In being diluted into the blood, gadolinium changes the local magnetic properties of tissues, allowing one to visualise the brain's active regions. In actual terms, the functional Magnetic Resonance Imaging (fMRI) equipment must be seen as an enormous magnet. It was one year later, in 1992, following work carried out by Ken Kwong and Jack Belliveau’s team, that the fMRI was revealed in its present form, that is to say in a form that no longer required the injection of no matter what radioactive tracer. Thence revised and fine tuned, it is based on real time observations of the blood's volume, flow and oxygenation.

In the study of the brain it exploits, in a more precise way, a dropping in the concentration of deoxyhaemoglobin in the flow downstream of the activated neurons. In the cerebral regions which become activated the influx of blood and the oxygen it carries exceeds transitorily local energy needs. As a consequence one witnesses the massive arrival of oxyhaemoglobin, a combination of haemoglobin and oxygen, and, on leaving, a relative reduction in deoxyhaemoglobin. The latter, which is paramagnetic, reduces the MRI signal. Also, in the activated regions, the fall in the concentration of this deoxyhaemoglobin leads to an increase in the signal as the concentration of the substance which reduces the signal has diminished.
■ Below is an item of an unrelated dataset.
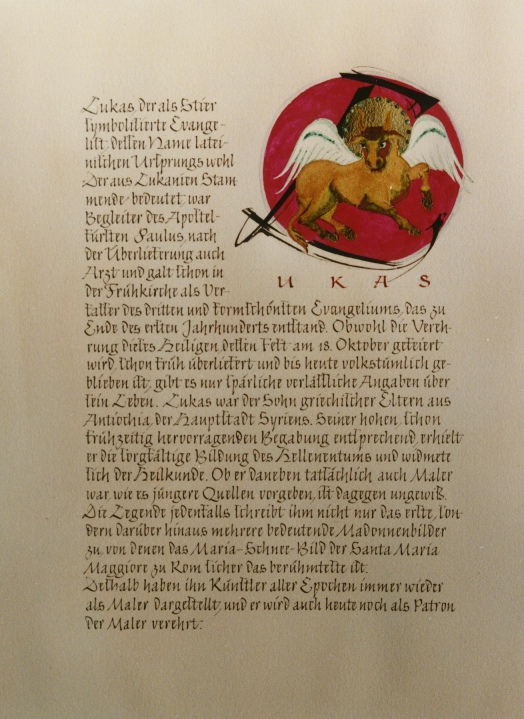 Das "Lukasblatt" wurde von der Maler- und Lackiererinnung Frankfurt am Main in Auftrag gegeben und wird als Druck an Jubilare der Innung verliehen.

Today functional Magnetic Resonance Imaging (fMRI) has established itself as the technical benchmark in studies of the functioning of the human brain, and in particular cognitive functions. De facto, it offers undeniable advantages. One of them resides in its innocuousness. The radioactive tracers used in positron emission tomography are harmless in the doses they are administered. However, repeated experiments on the same subject are ruled out because of the cumulative effects of radiation exposure. FMRI gets around this obstacle, as it can participate in experimental protocols excluded in the use of PET.

Another crucial advantage: functional Magnetic Resonance Imaging (fMRI) is capable of showing spatial and temporal features in excellent resolution. The resolution of cerebral activation maps obtained by PET is of the order of 5 millimetres (2 to 3mm for new generation models). It is distinctly higher in fMRI – of the order of a millimetre. Obtaining a functioning image of the brain by positron emission tomography takes a minute and a half. With fMRI a cross-section of the brain is obtained in 60 milliseconds and the total volume of the whole brain in 2 seconds.
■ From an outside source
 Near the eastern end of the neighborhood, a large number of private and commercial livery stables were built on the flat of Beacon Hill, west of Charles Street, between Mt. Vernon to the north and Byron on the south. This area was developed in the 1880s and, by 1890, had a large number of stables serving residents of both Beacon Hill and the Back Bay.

With functional Magnetic Resonance Imaging the limits are now physiological, not technological. The arterioles that irrigate the neurons take 5 to 6 seconds before opening in response to neuronal activation and around 20 to close after the discharge which follows. The only way of managing to depict neuronal activities in fine detail is to couple fMRI, a haemodynamic technique whose spatial resolution is millimetrical, with very high resolution electro-encephalography (EEG), spatially imprecise but temporally very precise.

The principle is clear, but putting it to work is more arduous. Because, dealing with magnetic fields and electrical currents, EEG causes distortions on fMRI images, which for their part lead to alterations in electro-encephalographic recordings.